» **Provided information**
□ □ □ □
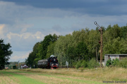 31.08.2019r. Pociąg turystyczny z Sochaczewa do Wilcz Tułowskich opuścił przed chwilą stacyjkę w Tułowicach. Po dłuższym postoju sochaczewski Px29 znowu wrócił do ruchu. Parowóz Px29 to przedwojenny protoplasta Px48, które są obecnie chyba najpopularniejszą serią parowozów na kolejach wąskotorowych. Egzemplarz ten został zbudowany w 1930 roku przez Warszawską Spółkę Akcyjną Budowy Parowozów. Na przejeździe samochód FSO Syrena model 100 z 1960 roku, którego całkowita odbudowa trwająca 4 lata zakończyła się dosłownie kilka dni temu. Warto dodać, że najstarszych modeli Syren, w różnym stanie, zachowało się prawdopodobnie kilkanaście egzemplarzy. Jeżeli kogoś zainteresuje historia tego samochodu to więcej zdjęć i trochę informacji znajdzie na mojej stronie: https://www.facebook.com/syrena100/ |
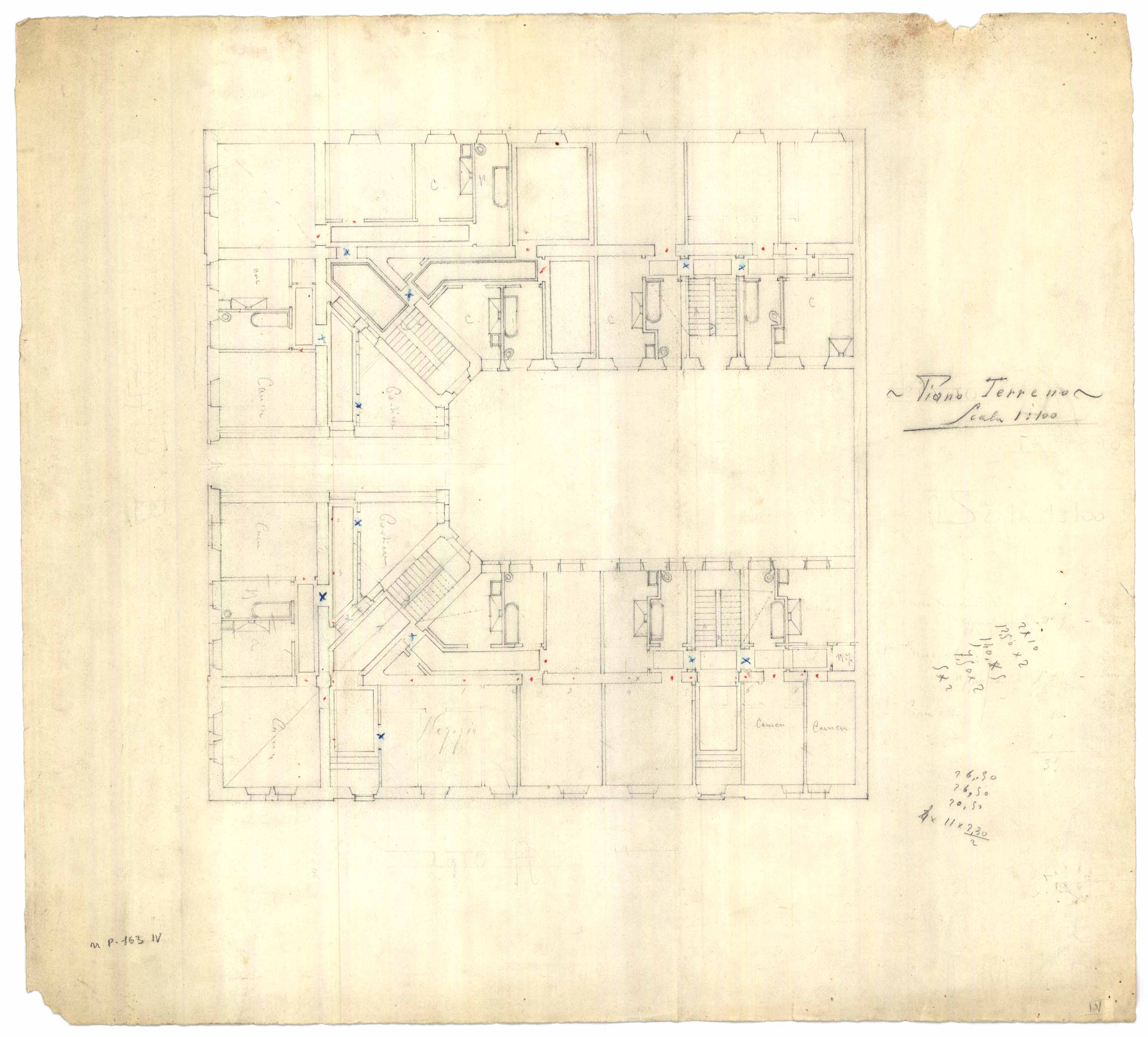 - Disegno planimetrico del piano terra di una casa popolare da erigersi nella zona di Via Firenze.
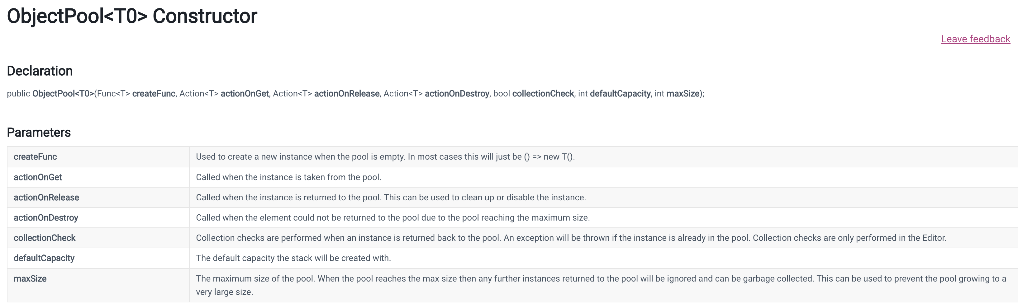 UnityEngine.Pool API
□ □ □ □
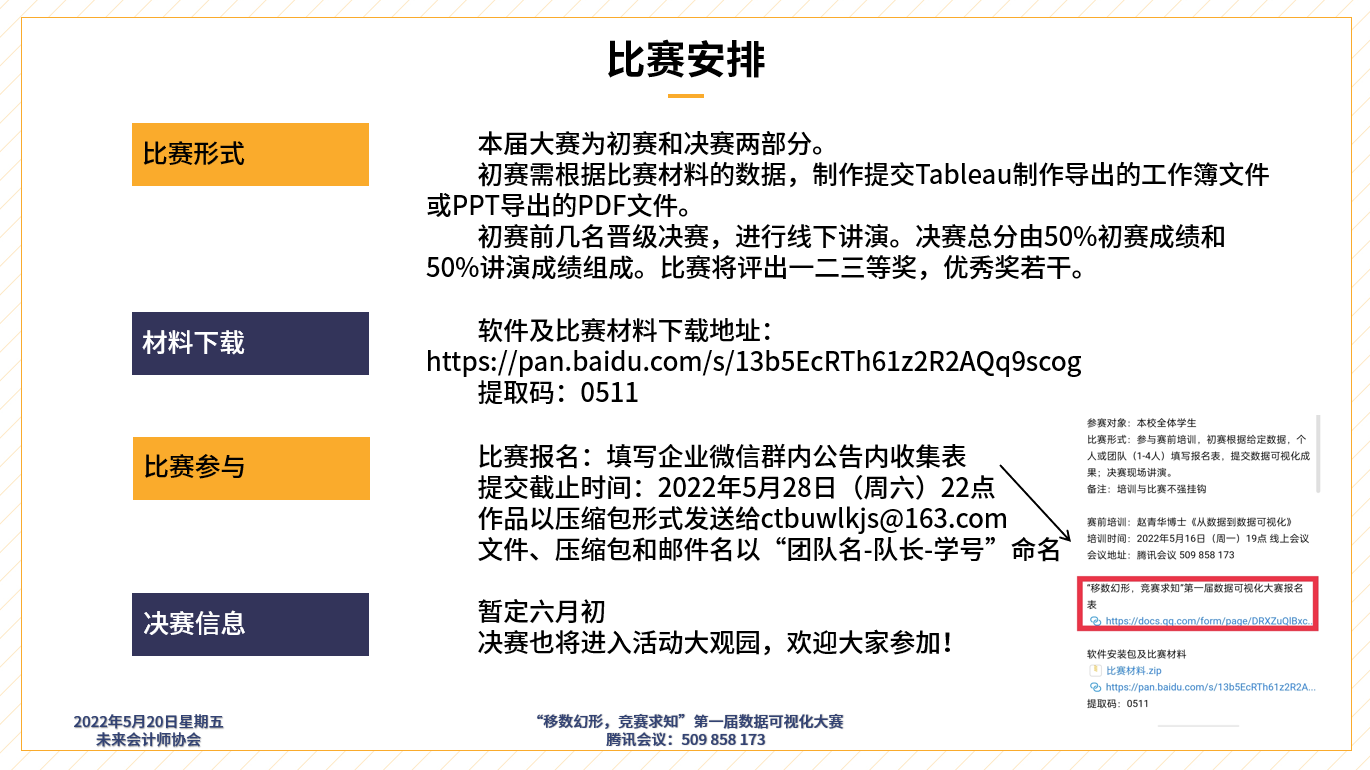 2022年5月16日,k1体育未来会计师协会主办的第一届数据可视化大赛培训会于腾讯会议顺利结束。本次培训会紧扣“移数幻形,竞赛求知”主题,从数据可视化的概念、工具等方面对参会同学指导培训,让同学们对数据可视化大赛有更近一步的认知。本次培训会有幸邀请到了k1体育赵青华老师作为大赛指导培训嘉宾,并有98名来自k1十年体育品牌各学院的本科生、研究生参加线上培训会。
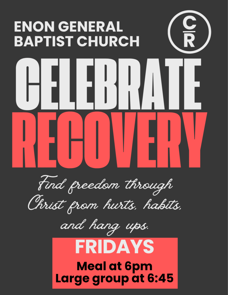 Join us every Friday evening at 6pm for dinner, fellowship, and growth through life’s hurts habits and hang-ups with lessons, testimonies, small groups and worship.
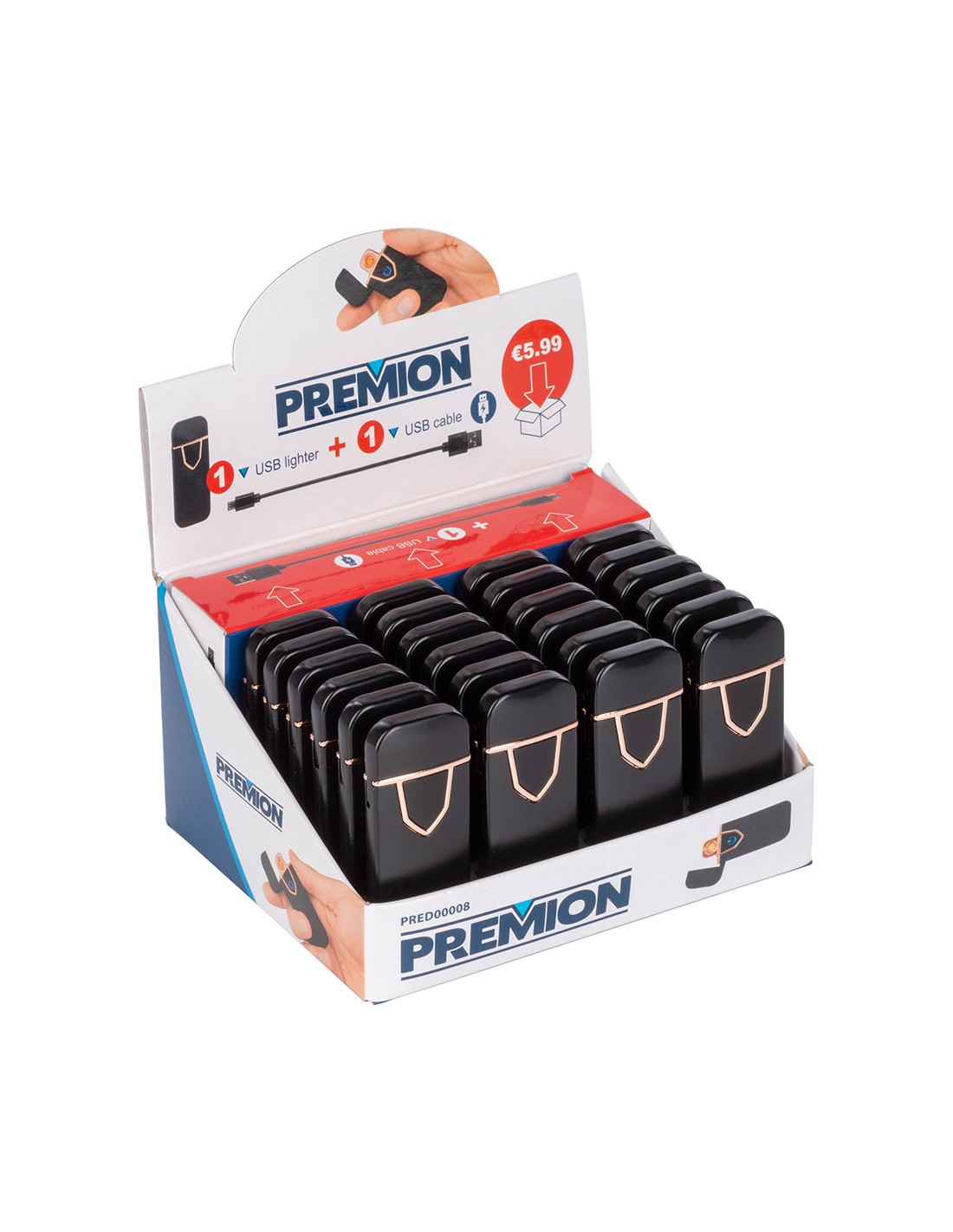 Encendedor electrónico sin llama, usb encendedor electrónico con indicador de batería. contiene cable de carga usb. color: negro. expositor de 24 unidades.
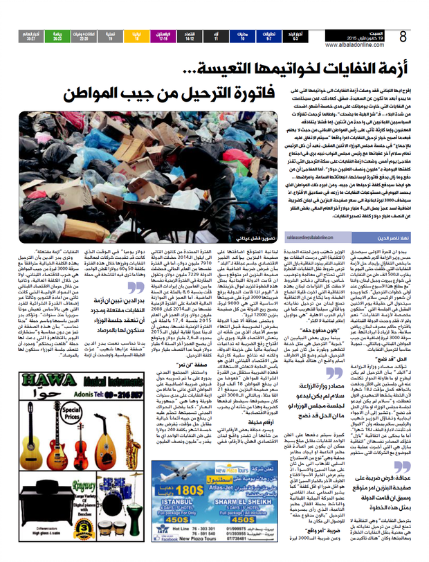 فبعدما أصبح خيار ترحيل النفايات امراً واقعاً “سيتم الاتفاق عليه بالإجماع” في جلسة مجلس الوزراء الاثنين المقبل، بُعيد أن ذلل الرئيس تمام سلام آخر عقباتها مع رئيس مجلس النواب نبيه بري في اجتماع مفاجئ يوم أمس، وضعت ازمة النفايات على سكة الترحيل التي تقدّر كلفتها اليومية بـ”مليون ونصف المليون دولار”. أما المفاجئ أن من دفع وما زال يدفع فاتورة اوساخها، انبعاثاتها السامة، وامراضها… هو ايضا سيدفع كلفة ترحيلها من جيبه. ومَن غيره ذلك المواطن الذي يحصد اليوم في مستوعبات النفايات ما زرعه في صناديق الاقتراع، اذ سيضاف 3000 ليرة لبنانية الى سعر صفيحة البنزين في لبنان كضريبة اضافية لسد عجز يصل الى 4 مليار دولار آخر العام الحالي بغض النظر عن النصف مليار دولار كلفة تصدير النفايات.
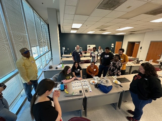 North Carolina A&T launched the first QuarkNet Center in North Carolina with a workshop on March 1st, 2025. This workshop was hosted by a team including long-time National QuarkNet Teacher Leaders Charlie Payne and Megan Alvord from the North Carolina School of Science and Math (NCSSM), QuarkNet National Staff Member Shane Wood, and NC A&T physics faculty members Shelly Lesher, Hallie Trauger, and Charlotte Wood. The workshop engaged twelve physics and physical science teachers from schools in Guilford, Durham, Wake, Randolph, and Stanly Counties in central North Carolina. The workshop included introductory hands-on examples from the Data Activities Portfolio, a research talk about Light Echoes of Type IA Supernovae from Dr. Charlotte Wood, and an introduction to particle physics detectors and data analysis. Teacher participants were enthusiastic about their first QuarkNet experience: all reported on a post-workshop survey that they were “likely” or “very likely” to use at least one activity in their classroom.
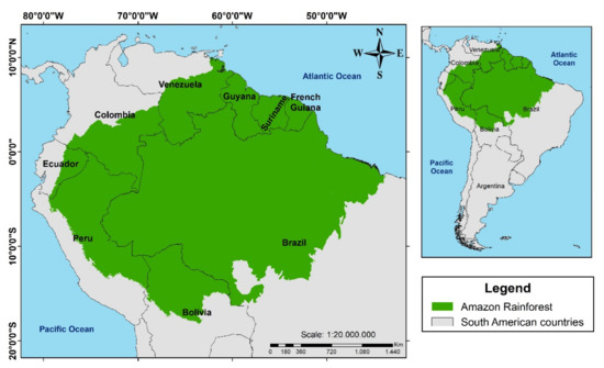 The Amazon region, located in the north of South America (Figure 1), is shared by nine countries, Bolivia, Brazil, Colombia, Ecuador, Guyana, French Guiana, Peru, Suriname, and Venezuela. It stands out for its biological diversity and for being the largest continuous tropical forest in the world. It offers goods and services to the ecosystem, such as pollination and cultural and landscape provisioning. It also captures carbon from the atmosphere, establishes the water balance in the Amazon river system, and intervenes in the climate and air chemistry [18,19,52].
□ □ □ □
» **What you have to do**
Copy exactly the material above from the line with "31.08.2019r. Pociąg turystyczny" to the line with "UnityEngine.Pool API", ends included, and nothing else. Leave out any picture.

» **Output for this task**
 31.08.2019r. Pociąg turystyczny z Sochaczewa do Wilcz Tułowskich opuścił przed chwilą stacyjkę w Tułowicach. Po dłuższym postoju sochaczewski Px29 znowu wrócił do ruchu. Parowóz Px29 to przedwojenny protoplasta Px48, które są obecnie chyba najpopularniejszą serią parowozów na kolejach wąskotorowych. Egzemplarz ten został zbudowany w 1930 roku przez Warszawską Spółkę Akcyjną Budowy Parowozów. Na przejeździe samochód FSO Syrena model 100 z 1960 roku, którego całkowita odbudowa trwająca 4 lata zakończyła się dosłownie kilka dni temu. Warto dodać, że najstarszych modeli Syren, w różnym stanie, zachowało się prawdopodobnie kilkanaście egzemplarzy. Jeżeli kogoś zainteresuje historia tego samochodu to więcej zdjęć i trochę informacji znajdzie na mojej stronie: https://www.facebook.com/syrena100/ |
 - Disegno planimetrico del piano terra di una casa popolare da erigersi nella zona di Via Firenze.
 UnityEngine.Pool API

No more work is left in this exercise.